Track Chairs
Dr Chitharanjandas Chinnapaka, University of Brighton
Dr Rageshree Sinha, University of Brighton
Dr Davit Marikyan, Newcastle University
Dr Efstathios Papanikolaou, Durham University
Track call
The theme “AI and Big Data for Next-Generation Digital Transformation in Information Systems” captures a fundamental shift from periodic, technology-led change towards continuous, intelligent, and data-driven organisational transformation. Within the Information Systems (IS) discipline, digital transformation is increasingly understood as a socio-technical process that integrates technological innovation with organisational structures, human capabilities, and institutional contexts (Vial, 2019).
Artificial Intelligence (AI) and Big Data play a central role in enabling this next generation of transformation by embedding real-time analytics, predictive capabilities, and agentic and autonomous decision-making into organisational processes.
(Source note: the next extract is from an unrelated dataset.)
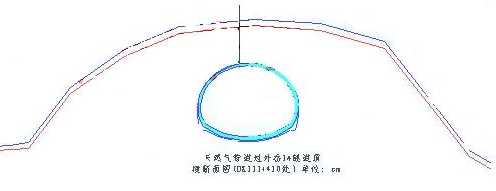 外岙一號隧道位于浙江省慈溪市茶亭南外岙自然村。隧道起訖里程:DK111+345~DK111+494,全長149m。經(jīng)過現(xiàn)場勘查,在外岙1#隧道山頂有一直徑Ф30cm的慈溪天然氣管道,該段天然氣管道設(shè)計壓力為4Mpa,管道在隧道線路里程DK111+410,方向大致與杭甬客專線路方向垂直。管道在山頂埋深約1.2m,距離DK111+410隧道斷面洞頂垂直距離約14m(附斷面圖)。進出口距離管道的距離分別為65m和84m。

This shift allows organisations to move beyond process automation towards dynamic capability building and sustained competitive advantage (Mikalef et al., 2020). At the same time, it raises critical IS challenges related to governance, transparency, and ethical accountability, particularly as algorithmic systems influence strategic and operational decisions (Rai et al., 2019).
This theme, therefore, encourages research examining how AI and data-intensive systems reshape business models, digital infrastructures, and human–technology interactions, while also addressing issues of trust, explainability, and responsible innovation. By bridging technical, organisational, and societal perspectives, it positions IS scholarship at the forefront of shaping next-generation digital transformation that is not only intelligent, but also inclusive and sustainable (Verhoef et al., 2021).
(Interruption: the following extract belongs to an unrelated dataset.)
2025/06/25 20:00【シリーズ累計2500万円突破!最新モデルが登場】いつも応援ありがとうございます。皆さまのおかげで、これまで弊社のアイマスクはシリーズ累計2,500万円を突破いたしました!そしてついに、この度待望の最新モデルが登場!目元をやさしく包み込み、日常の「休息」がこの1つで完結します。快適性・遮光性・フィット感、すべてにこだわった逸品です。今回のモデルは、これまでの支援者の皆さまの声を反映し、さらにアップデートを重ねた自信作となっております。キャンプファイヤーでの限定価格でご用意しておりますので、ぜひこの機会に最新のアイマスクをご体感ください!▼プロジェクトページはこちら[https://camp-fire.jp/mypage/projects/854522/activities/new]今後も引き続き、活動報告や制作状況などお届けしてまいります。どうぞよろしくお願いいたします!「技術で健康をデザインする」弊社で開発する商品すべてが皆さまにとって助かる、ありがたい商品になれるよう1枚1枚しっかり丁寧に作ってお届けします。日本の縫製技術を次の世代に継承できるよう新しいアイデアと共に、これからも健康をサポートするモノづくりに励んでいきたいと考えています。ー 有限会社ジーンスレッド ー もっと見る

Key Topics Include (but are not limited to):
- How AI reshapes business models and value creation
- Data-driven decision-making at executive and operational levels
- Agentic AI capabilities required for AI-enabled transformation
- Human-AI collaboration and augmentation
- Trust, transparency, and explainability in intelligent systems
- Responsible use of data in large-scale systems
- Algorithmic bias, fairness, and accountability
- AI architectures, cloud platforms, and data ecosystems
- Real-time data processing and intelligent automation
- Integration of AI with IoT, blockchain, and digital platforms
- AI-enabled innovation processes
- New forms of digital products and services
References:
Mikalef, P., Krogstie, J., Pappas, I.O. and Pavlou, P., 2020. Exploring the relationship between big data analytics capability and competitive performance: The mediating roles of dynamic and operational capabilities. Information & Management, 57(2), p. 103169.
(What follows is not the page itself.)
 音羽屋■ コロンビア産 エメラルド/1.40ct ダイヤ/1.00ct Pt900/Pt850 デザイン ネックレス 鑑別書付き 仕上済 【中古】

Rai, A., Constantinides, P. and Sarker, S., 2019. Editor’s comments: Next-generation digital platforms: Toward human–AI hybrids. MIS quarterly, 43(1), pp. iii-ix.
Verhoef, P.C., Broekhuizen, T., Bart, Y., Bhattacharya, A., Dong, J.Q., Fabian, N. and Haenlein, M., 2021. Digital transformation: A multidisciplinary reflection and research agenda. Journal of Business Research, 122, pp.889-901.
Vial, G., 2021. Understanding digital transformation: A review and a research agenda. Managing digital transformation, pp.13-66.